Un hombre alto, vestido de rojo, surgió de las sombras del Templo. Saryon percibió que era apuesto, con su pelo gris y su sonrisa atractiva. La sonrisa, sin embargo, resultaba falsa, el trabajo de un ilusionista hábil. Tensos y tirantes, los músculos labiales y faciales estaban apretados con fuerza para mantenerlos en el lugar adecuado y aunque el tono de voz del hombre sonaba desenvuelto, una corriente oculta de admiración y miedo alteraba su lisa superficie.
—Realmente creí que te habían matado, amigo mío —afirmó, deteniéndose junto a Joram y observándolo con atención—. Ya puedo ver los anuncios de los teatros: ¡De regreso de entre los Muertos por Petición Popular!
Joram ni siquiera miró al hombre, y mucho menos se molestó en replicar. Éste sonrió:
—Vamos, vamos, viejo amigo. Has sobrevivido a cuatro heridas de bala, cualquiera de las cuales hubiera resultado fatal. Agradecería me informaras de cómo realizaste ese truco. ¿Fue con un chaleco antibalas? O quizá…
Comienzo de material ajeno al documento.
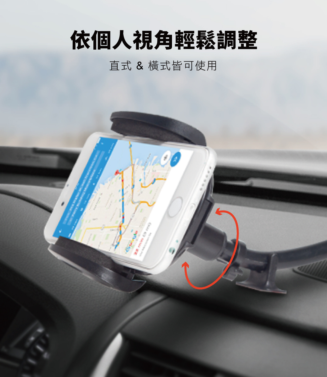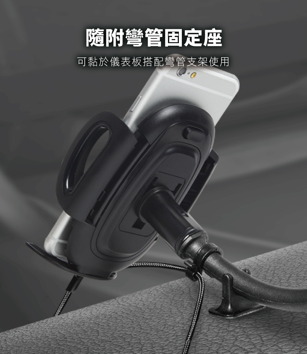 .隨附彎管固定座,可黏貼於儀表板搭配彎管支架使用

Dirigió la mirada hacia Saryon mientras hablaba, y el catalista se percató de que se lo estudiaba con atención, se lo identificaba y se lo guardaba para un futuro uso, todo ello en una veloz ojeada de aquellos perspicaces ojos.
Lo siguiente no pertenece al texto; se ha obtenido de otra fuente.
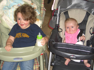 Callie also touched her toes on her own for the first time on Easter. I was changing her diaper and looked down and she was grabbing the toes on her left foot! It was very exciting, mostly just for me :) She has done it a couple of more times since then, so that is great.

—Quizá fuisteis vos quien devolvisteis a nuestro amigo a la vida, Padre Saryon. Sí, os conozco. Joram me ha explicado vuestra historia e imagino que, a su vez, os habrá hablado mucho de mí. Soy Menju el Hechicero, un nombre un poco dramático, lo admito, pero queda muy bien en la marquesina de un teatro. ¡Y si fuisteis vos quien resucitasteis a Joram, Padre, os facilitaré una tienda y todas las sillas plegables que vuestro corazón evangelista desee!
—Si lo que queréis insinuar es que yo curé a Joram, os advierto que soy catalista, no un druida. —Saryon vio cómo el abismo de su sueño se abría oscuro y mortífero ante él. Debía moverse con cuidado, cauteloso—. Si lo que le dijisteis a Joram es verdad, vivisteis en este mundo el tiempo suficiente para saber que los catalistas poseen muy poco poder curativo y que ni los druidas pueden sacar a las personas de entre…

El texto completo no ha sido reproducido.